Я ненавижу шпану. Один тип из этой шатии вытащил из моего кармана хлебные и продуктовые карточки.
Случилось это два года назад. Я возвращался на «букашке» — так назывался маршрут «Б» — с Таганской площади, где в то время находился спецмагазин, в котором отоваривались наши карточки. На Коровьем валу сошел. Сунул руку в карман и обмер — нет карточек. Метнулся в одну сторону, в другую. Трамвай прогромыхал мимо. Я увидел парня в малокозырке, который, кося на меня глазом, ухмылялся, показывая металлический зуб. «Он», — подумал я и помчался за трамваем. Но разве догонишь трамвай? «Букашка» пересекла Октябрьскую площадь, покатила под гору к ЦПКиО имени Горького.

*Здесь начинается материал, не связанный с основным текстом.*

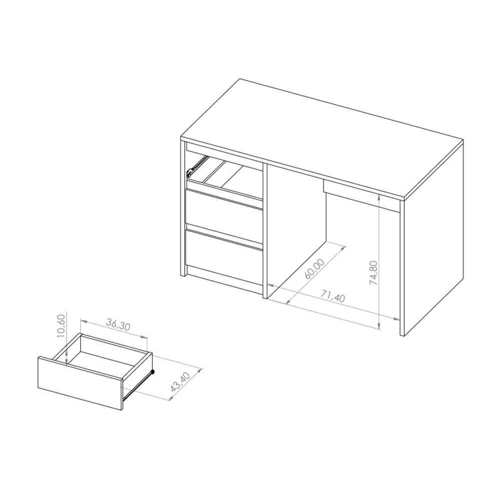 Desktop DEVON kombinuje moderní design s praktickou funkčností a je ideální volbou pro domácí kancelář, pracovnu nebo pokoj teenagera. Kombinace dřeva Monastery Oak a High-Gloss Black vytváří elegantní vzhled, zatímco lesklé vložky dodávají stylové akcenty. Tři prostorné zásuvky nabízejí dostatek úložného prostoru pro dokumenty, psací potřeby a pracovní materiály. Kovové úchyty usnadňují otevírání zásuvek a ABS hrany chrání před poškrábáním a opotřebením, čímž zajišťují dlouhou životnost stolu. Tři praktické zásuvky: Poskytují úložný prostor pro kancelářské potřeby a dokumenty. Elegantní design: Kombinace vzhledu dřeva a vysokého lesku s lesklými vložkami. Robustní materiály: Hrany ABS chrání před poškozením a prodlužují životnost.

Как мы дожили до конца месяца, лучше не вспоминать…
Я не свожу с парней, шныряющих по площади, настороженного взгляда. Ведут себя эти парни нагло: ощупывают чужие «сидора», совещаются. На мой вещмешок внимания не обращают — такой он тощий.
Один из парней — плотный, с короткой шеей, с виду он добродушный, покладистый. У другого — тонкие губы, опухшее лицо, мешки под злыми, колючими глазами. Называют парни друг друга по фамилиям. Запоминаю на всякий случай: с короткой шеей — Ярчук, опухший — Фомин.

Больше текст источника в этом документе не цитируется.